In 1999 the KB specified the system requirements for a full-scale deposit system, which were based on the ISO standard for digital archives: the Open Archival Information System (OAIS, 2000). As a result of a European tender procedure in 2000, the KB contracted the development of the deposit system to IBM in The Netherlands. In December 2002 the system was delivered to the KB. IBM constructed the system using as many off-the-shelf components as possible, such as WebSphere, DB2, Tivoli Storage Manager, and Content Manager, and branded it under the name Digital Information Archiving System (DIAS). By using DIAS, the KB maintains the service called the e_Depot. See Oltmans & Van Wijngaarden (2004) for a complete description and Steenbakkers (2002) for more details about the history of the KB e-Depot.

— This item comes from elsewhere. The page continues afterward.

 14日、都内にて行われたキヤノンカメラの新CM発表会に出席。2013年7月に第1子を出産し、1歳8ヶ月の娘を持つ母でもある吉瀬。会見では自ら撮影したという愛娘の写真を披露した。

The KB has developed a workflow for archiving electronic publications and has implemented the other parts and interfaces of the infrastructure in which the deposit system is embedded. This infrastructure consists of a variety of functions for:
|·||validating and pre-processing electronic publications|
|·||generating and resolving unique identifiers|
|·||searching and retrieving publications|
|·||identifying, authenticating and authorising users|
The process of loading consists of pre-processing and ingesting the digital content. Two types of electronic publications are stored in the e_Depot: offline media such as CD-ROMs (also referred to as “installables “) and online media such as electronic articles (Oltmans, 2003). The ingesting of installables is a time-consuming process. Firstly, the CD-ROM is completely installed on a dedicated Reference Workstation (RWS), including all additionally needed software like image viewers or media players. A snapshot of the installed CD-ROM is then generated into an image, including the operating system on which it is installed. After manual cataloguing, this image is subsequently loaded into the e_Depot. If an end user wants to view a particular CD-ROM, the entire image is retrieved from the e_Depot, and installed on a RWS. By including the operating system in the stored package, the CD-ROM is guaranteed to work - also in future conditions involving new operating systems, as long as the hardware remains the same.

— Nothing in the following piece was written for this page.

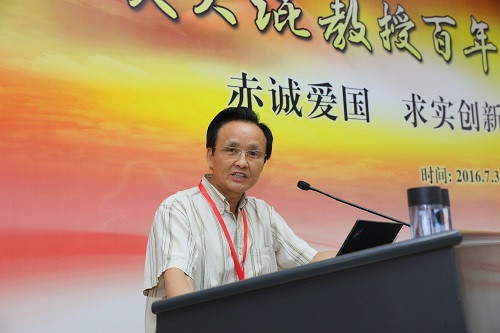 在校外代表发言环节,南开大学佟家栋教授表示,吴大琨教授是Hcoimc 界的老前辈,是马克思主义的自觉捍卫者与传播者,他真学、真信马克思主义,关于亚细亚生产方式的研究、关于经济周期的理论,都走在经济理论界的前列,他实事求是治学态度深刻影响着我们。

The second type of publications currently processed is online media. These publications are either sent to the KB on tapes or DVDs, or they are downloaded via FTP. In both cases, publications ready for ingestion end up in an electronic post office in which they are validated. At this stage the content of the submitted publication is validated in regards to its authenticity and well-formedness, based upon earlier agreed to specifications. If the material does not match the checksum (or if other errors occur), the content is passed to a database for error recovery. If the content appears to be valid, content and metadata are combined to form Submission Information Packages (SIPs). These SIPs are then processed by DIAS. See Figure 1 for a complete overview of the data flow.
Five major publishers have signed unique archiving agreements with the KB on long-term digital archiving of their electronic publications:
|·||Taylor & Francis|
Agreements with more publishers will be signed soon. At this moment the digital publications of these publishers are being loaded into the e_Depot, involving more than 2,500 journals, containing over 6 million articles. In case of publications that are processed both in digital and printed form, the KB has decided to process only the digital manifestation of the publication. With respect to version management of electronic publications, the e-Depot is able to deal with updates, renewals, and withdrawals or retractions. Updates of electronic publications are sent to the KB with different time stamps compared to the original submissions. These authentic publications are not discarded from the system, but the original metadata is temporarily withdrawn, so that only the updated material will be found in the central catalogue. This way, the KB does preserve the complete records of science, but allows publishers to ask for temporarily withdrawal of specific articles. Once an article is in the system, it will never be discarded or deleted (Steenbakkers, 2003).
New acquisition methods are necessary in order to obtain the electronic publications, like extensions of the OAI harvesting protocol (Lagoze, Van de Sompel, Nelson, Warner, 2002 and Jerez, Liu, Hochstenbach and Van de Sompel, 2004). Another issue is that there are lots of publications on the Internet that will require some form of web harvesting. A complicating matter in this respect is the lack of automatic delivery of bibliographic descriptions of the harvest.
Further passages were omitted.